“That we may be mutually encouraged by each other’s faith.”
Romans 1:12
Dear Sisters and Brothers in Christ,
At Shrine Mont this past weekend we had a getting-to-know-you activity that involved some of us trying to draw pictures from phrases and others trying to guess phrases from our pictures. This phrase happened to come to me: “Looking for God in all the wrong places.” I tried my best to draw eyes, above a traditional ‘bearded old man’ representation of God, above X-ed out signs for ‘Motel’ and ‘Bar.’ No one could guess that phrase from my drawing. But that phrase kept coming back to me throughout the weekend.
I thought about how “Looking for God in all the wrong places” might well summarize a large portion of the Bible — as humankind’s attempts to find God, and God’s attempts to instruct us where, and where not, to look for God.
I thought about how “Looking for God in all the wrong places” sounds like a variation of the song “Looking for Love in All the Wrong Places.” Remember Johnny Lee and the Urban Cowboy soundtrack? It struck me that looking for God is looking for love. And, ultimately, looking for true, deep, and everlasting love is also looking for God.
I also thought about one typical reaction to spending the weekend away at Shrine Mont. Many times I’ve heard people talk about having ‘mountaintop experiences’ there. Some of us did climb up to the top of North Mountain for our literal mountaintop experience. But that phrase is usually taken figuratively, and refers to Jesus’ Transfiguration on a high mountain, before Peter and James and John, where they see his godly nature revealed as he talks with Moses and Elijah (Matthew 17 and Mark 9). It has come to mean any heightened awareness of the divine. And people do often experience God more deeply in a retreat setting, where they can put behind them the many distractions of life and focus upon spiritual matters.
But is God really any closer to us up there in the mountains? Is God really more accessible when we’re on retreat? Perhaps it is just that we are more receptive to God in those times and places. What if we were to seek to be more receptive to God wherever we happen to be most days of our lives: in our homes, places of work, and where we take our leisure time?
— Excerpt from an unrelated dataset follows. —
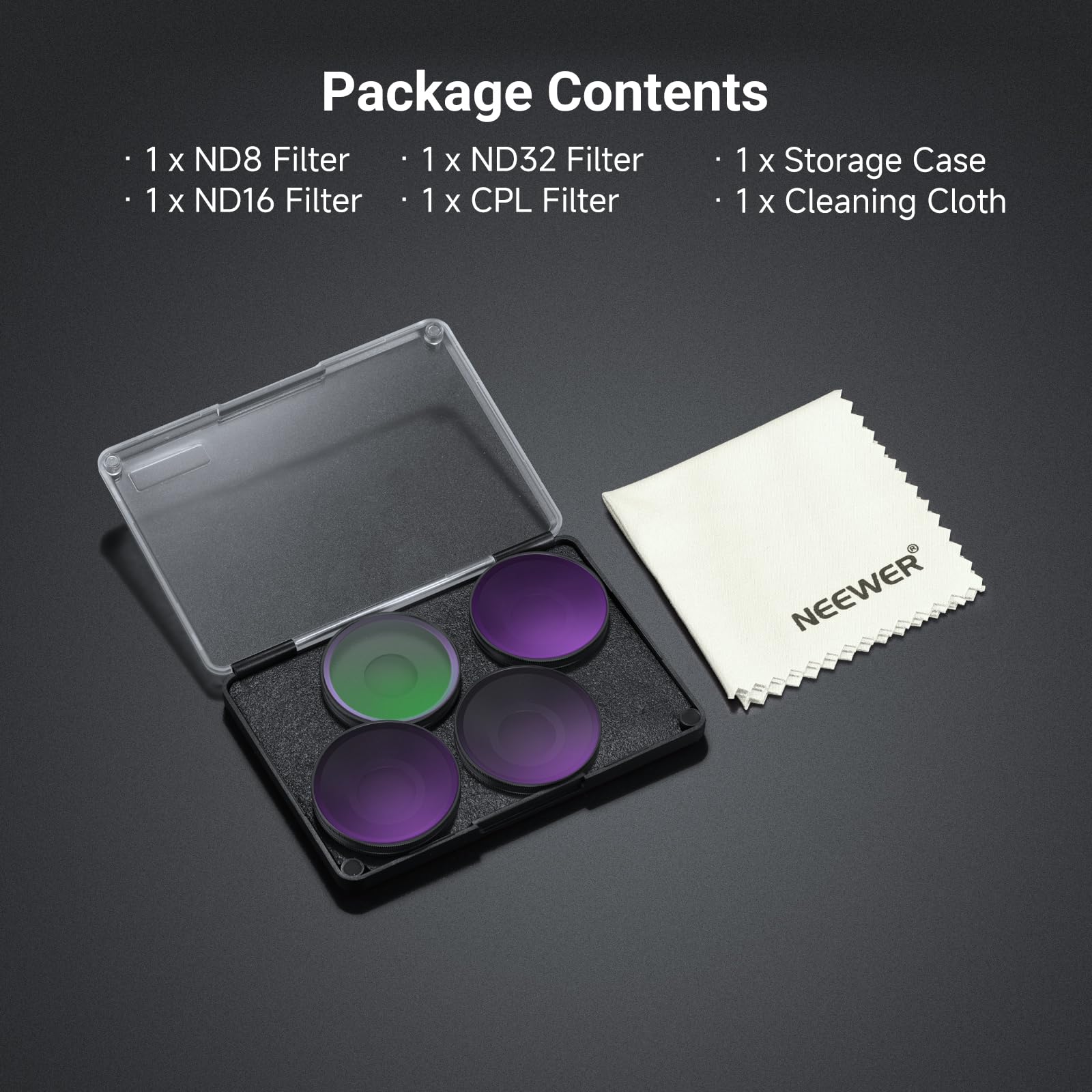 【Flexible Exposure Control】 ND8, ND16, and ND32 neutral density filters provide 3, 4, and 5 stops of light reduction, allowing balanced exposure in various environments and creative motion blur effects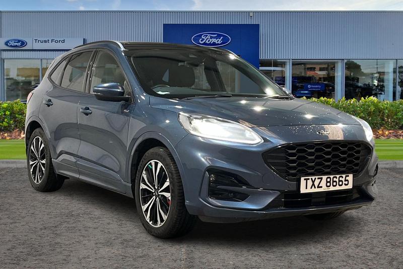 Insurance Group 21, 12.3 digital colour instrument cluster, Ford easy fuel, Ford SYNC 3 with 8 TFT LCD touchscreen, App Link, andriod auto/apple carPlay, emergency assistance and navigation with Ford pass connect, Front and rear parking sensors, Geo awareness, Hands free power tailgate, Lane keeping aid with lane departure warning, Power assist steering, Rear view camera, Selectable drive modes, Service interval indicator, Auto headlamps with high and low beam, Black roof rails, Body colour bumpers, Day/night rear view mirror, Front LED fog lamps, Large rear roof spoiler, LED daytime running lights, LED rear lights, Power folding, electrically adjustable and heated door mirrors with puddle lights, Power front/rear windows with global close, Power opening panoramic roof, Quickclear heated windscreen, Rain sensing wipers, Rear privacy glass, Rear side wing doors, Rear wiper, ST Line body styling kit with unique front and rear fascia and bumper, rear painted diffuser, front painted skid plates, dark mesh upper grille, ST Line front scuff plates, Third brake light, Twin exhausts, 2nd row sliding seats with 60:40 split, Alloy pedals, Centre console with electronic parking brake, Dark headlining and pillars, Electronic automatic temperature control (EATC), Flat bottomed leather steering wheel in sensico with red stitching, Front and rear head restraints, Heated passenger and driver seats, Heated rear seats, Heated steering wheel, Partial premium touch Sensico with black cloth inserts and red

Can we, by prayerful imagination, conjure up our own ‘mountaintops’ in the mundane places of our lives? Can we, by attentive mindfulness, place ourselves in a ‘retreat’ frame of mind and heart, whenever we wish?
When our daughter Anna was very young, she was trying to learn the Lord’s Prayer. For any difficult words that she didn’t understand, she substituted familiar ones. That resulted in her praying, “Our Father, who aren’t in heaven….” What a great reminder that God is actually everywhere. What a great reminder that, as Jesus said, “Ask, and it will be given you; search, and you will find; knock, and the door will be opened for you. For everyone who asks receives, and everyone who searches finds, and for everyone who knocks, the door will be opened” (Matthew 7:7-8).